### Supplied records
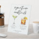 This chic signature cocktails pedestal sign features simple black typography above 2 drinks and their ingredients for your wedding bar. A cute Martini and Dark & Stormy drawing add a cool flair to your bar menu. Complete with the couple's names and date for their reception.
--
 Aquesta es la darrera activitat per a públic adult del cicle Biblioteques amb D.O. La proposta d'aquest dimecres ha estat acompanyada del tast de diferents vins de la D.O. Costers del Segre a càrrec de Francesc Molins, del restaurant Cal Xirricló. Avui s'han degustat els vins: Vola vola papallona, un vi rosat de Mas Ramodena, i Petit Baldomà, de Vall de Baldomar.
...
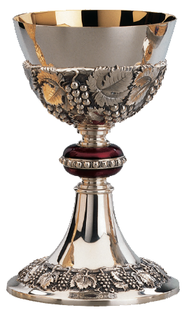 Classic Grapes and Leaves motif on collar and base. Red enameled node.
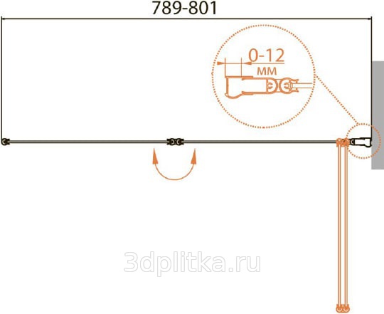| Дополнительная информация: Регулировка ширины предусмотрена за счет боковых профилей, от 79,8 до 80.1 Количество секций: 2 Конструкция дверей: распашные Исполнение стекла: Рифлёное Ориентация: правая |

### To do
Leaving every picture aside, reproduce exactly the lines above from the one with "Classic Grapes and" up to and including the one with "Ориентация: правая |", and no others.

### Problem solution
 Classic Grapes and Leaves motif on collar and base. Red enameled node.
| Дополнительная информация: Регулировка ширины предусмотрена за счет боковых профилей, от 79,8 до 80.1 Количество секций: 2 Конструкция дверей: распашные Исполнение стекла: Рифлёное Ориентация: правая |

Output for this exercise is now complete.